Schematic representation (to scale) of the EBNA3B gene locus (flanked by EBNA3A and EBNA3C as indicated) and, below, visual representation of definite and potential EBNA3B mutations (i.e., tumor-only polymorphisms) identified by comparing 39 lymphoma samples with 69 sLCLs. Only those samples with at least 1 possible mutation are shown. Bold horizontal lines indicate the coding region analyzed for mutations (amino acids 1–700). Dashed horizontal lines indicate the extent of sequence used in the sequence alignment (see Supplemental Data File 1). EBNA3B mutations identified in LCLs grown from PTLD tumors (i.e., TRL1 and TRL595) are shown for comparison. Red symbols, mutations leading to a premature STOP codon; blue symbols, potential missense mutations; green symbols, DNA changes that do not alter protein sequence. Vertical lines represent substitution mutants/polymorphisms; inverted triangles indicate insertional mutations; and deletion mutants are shown by open triangles, with the associated box indicating the deletion size. Sample ABC-H7 (bold) contains a truncation mutation (GGA to TGA substitution mutant at codon 263) positioned between the 2 previously described TRL mutants. See Table 1 for details of these mutations and characteristics of all tumors analyzed.

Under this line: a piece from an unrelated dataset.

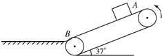 ,从顶端A到底端B的长度为31m,传送带以12.4m/s的速率逆时针转动,在顶端A处无初速度地放一个质量为0.5kg的一个物体,它与传带间的动摩擦因数为0.8,物体到达传送带底端B处时通过一个光滑的小圆弧后滑到水平面,(不计物体从传送带滑到水平面上的能量损失),物体与水平面间的动摩擦因数为0.5,物体最终停在水平面上C处(图中未画出),求物体从A点滑到C点的时间。![]()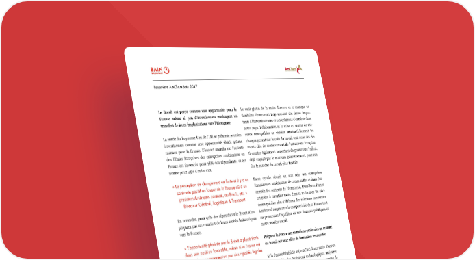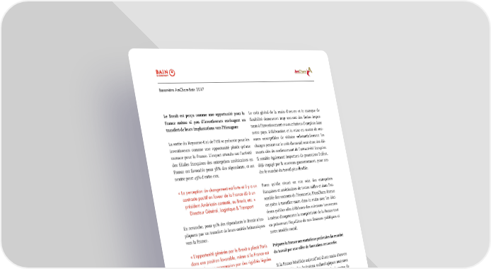 Baromètre AmCham-Bain 2017 Le Brexit est perçu comme une opportunité pour la Le coût global de la main d’œuvre et le manque de France même si peu d’investisseurs envisagent un flexibilité demeurent trop souvent des freins impor- transfert de leurs implantations vers l’Hexagone tants à l’investissement et aux créations d’emplois dans notre pays. L’élaboration et la mise en œuvre de me- La sortie du Royaume-Uni de l’UE se présente pour les sures susceptibles de réduire substantiellement les investisseurs comme une opportunité plutôt qu’une charges pesant sur le coût du travail sont donc des élé- menace pour la France. L’impact attendu sur l’activité ments clés du renforcement de l’attractivité française. des filiales françaises des entreprises américaines en Il semble également important de poursuivre l’effort, France est favorable pour 38% des répondants, et est déjà engagé par le nouveau gouvernement, pour ren- neutre pour 45% d’entre eux. dre le marché du travail plus flexible. « La perception de changement est forte et il y a un Parce qu’elle réunit en son sein des entreprises contraste positif en faveur de la France dû à un françaises et américaines de toutes tailles et dans l’en- président Américain contesté, au Brexit, etc. » semble des secteurs de l’économie, l’AmCham France Directeur Général, Logistique & Transport est prête à travailler main dans la main avec les déci- deurs publics afin d’élaborer des solutions innovantes En revanche, pour 91% des répondants le Brexit n’im- à même d’augmenter la compétitivité de la France tout pliquera pas un transfert de leurs entités britanniques en préservant l’équilibre de nos finances publiques et vers la France. notre modèle social. « L’opportunité générée par le Brexit a placé Paris Préparer la France aux mutations profondes du marché dans une position favorable, même si la France est du travail par une offre de formation renouvelée freinée dans sa progression par des rigidités légales et fiscales » Si la France bénéficie aujourd’hui d’une main d’œuvre Responsable des Opérations, Juridique très qualifiée, les évolutions technologiques majeures qui sont à l’œuvre, par exemple dans le domaine de VIII. Recommandations de l’AmCham l’intelligence artificielle, vont entraîner des mutations profondes du marché du travail. Par ailleurs, malgré Au regard de ces différents constats, l’AmCham France un taux de chômage structurel très élevé au niveau na- souhaite être une force de propositions constructive et tional, de nombreux secteurs font face à une pénurie un partenaire clé des pouvoirs publics. de main d’œuvre et à des difficultés importantes d’em- bauche. Faire du coût et de la flexibilité du travail des atouts pour l’attractivité de la France Afin que notre pays transforme ce défi en une opportu- nité majeure pour les Français, il est urgent que nous Les résultats de notre Baromètre montrent que la nous dotions d’un système de formation prenant France offre une main d’œuvre très qualifiée et com- mieux en compte les besoins futurs des entreprises. A pétitive en termes de coût dans certains secteurs, nota- cet égard, au-delà de la réforme de la formation profes- mment celui des hautes technologies. Il n’en demeure sionnelle, il est essentiel que les sphères privée et pub- pas moins que l’effort doit être étendu à tous les sec- lique travaillent désormais main dans la main afin que teurs de l’économie et à toutes les tailles d’entreprises. la France se dote sur l’ensemble de son territoire d’une 16

Figure 6. Infection with EBNA3BKO primes stronger immune responses than infection with wtBAC or EBNA3Brev.

Splenocytes from control or EBV-infected animals were isolated 28 days after infection. (A) CD3⁺ T cell frequency among human CD45⁺ lymphocytes, determined by flow cytometry. (B) Ratio of CD8⁺ T cell to CD4⁺ T cell frequency. (C) Activation of T cells, assessed by HLA-DR expression on their surface. (D) Isolated splenocytes were depleted of human B cells and cocultured with ex vivo–expanded tumor cell lines to measure EBV-specific IFN-γ secretion, determined using ELISPOT assays and expressed as the number of IFN-γ–specific spots per 2 × 10⁵ cells. Pooled data from 2 experiments are shown. (A–D) Data points represent individual mice; horizontal bars represent means.

Figure 7. EBNA3BKO-transformed tumor cells produce and secrete reduced amounts of CXCL10 and attract fewer EBV-specific T cells.

(A) CXCL10 mRNA levels, determined by qPCR, normalized to GAPDH expression, and expressed relative to CXCL10 expression of wtBAC-transformed tumor cells. (B) CXCL10 protein levels, determined in culture supernatants of EBV-transformed tumor cells by ELISA after 24 hours of culture with or without added IFN-γ. (C) Migration of the EBV-specific CD8⁺ T cell clone MS.B11 toward tumor cell–conditioned supernatants, assessed by Transwell migration assay. For EBNA3BKO-transformed tumor lines and patient PTLD LCLs, CXCL10 was supplemented as indicated to reach concentrations present in wtBAC- and EBNA3Brev-conditioned supernatants. (A–C) Shown is 1 representative of 2 experiments with 2 wtBAC, 3 EBNA3Brev, 7 EBNA3BKO, and 2 patient PTLD LCLs (TRL1-post and TRL595). (D and E) Killing of CXCL10-reexpressing EBNA3BKO LCLs by an autologous T cells line was tested in vivo. LCLs were transduced with a CXCL10-expressing lentivirus or control virus. In vivo killing assays were performed after labeling of LCLs with PKH26 and high or low concentration of CFSE. (D) Example of FACS gating for the experiment, and representative histograms for tumor cell composition before and after injection in the presence or absence of autologous T cells. Percentages denote CXCL10⁺ and CXCL10^– cells as a fraction of total tumor cells. (E) Summary of 3 experiments performed as described in D. (A–E) Data are mean ± SD.